The OP need only look on the net to find a plethora of agents desperate to shift their properties of all kinds.


----------



## mrypg9 (Apr 26, 2008)

jojo said:


> One of our posters, mrypg9 who lives near Marbella has a son who owns a couple of properties on the Golden Mile I believe, so she may know of some good areas. I've only driven along the motorway that passes it and it seems to be just hotels from what I can see, but obviously there is more to it than that!?
> 
> Jo xxx


There's not a lot more, really. Just the usual urbs. Some of them wouldn't look out of place if lifted and put down in S****horpe. I hate it!!
But as the Spanish say, Sobre los gustos no hay disputos.

Jo...you know I take a childish delight in writing that word


----------



## chanel2020 (Jan 17, 2011)

*Jojo*



mrypg9 said:


> There's not a lot more, really. Just the usual urbs. Some of them wouldn't look out of place if lifted and put down in S****horpe. I hate it!!
> But as the Spanish say, Sobre los gustos no hay disputos.
> 
> Jo...you know I take a childish delight in writing that word


Thanks for your reply. I will try to contact the poster and perhaps they can help me.


----------



## chanel2020 (Jan 17, 2011)

*mrypg9*



chanel2020 said:


> Thanks for your reply. I will try to contact the poster and perhaps they can help me.


i was looking at the Golden Mile as it has a very long promenade and my son could go out on his bike without crossing any roads. It seems very safe.
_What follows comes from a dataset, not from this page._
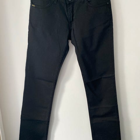 Levi's jeans i svart farge, størrelse M med midjevidde W30. Men føles mindre så passer best til Medium str. . Jeansen er 94cm i lengden.Lite og pent brukt

If you could suggest anywhere else it would be much appreciated. I have still to work my way around this site, sorry.


----------



## mrypg9 (Apr 26, 2008)

chanel2020 said:


> i was looking at the Golden Mile as it has a very long promenade and my son could go out on his bike without crossing any roads. It seems very safe. If you could suggest anywhere else it would be much appreciated. I have still to work my way around this site, sorry.


There are a couple of very family friendly villages near to Marbella....I'll pm you.


----------



## Caz.I (Mar 21, 2009)

chanel2020 said:


> I'm moving with my husband and two children to Marbella this Easter. I have yet to find somewhere that is suitable. Do any of you know of an area that is family orientated and has a community, (I would like to live on the Golden Mile) as opposed to just being lived in at holiday vacation time. It is important to us that our children have the outdoor life and place to play out that we did as children, at present we do not have that. Thanks for reading this.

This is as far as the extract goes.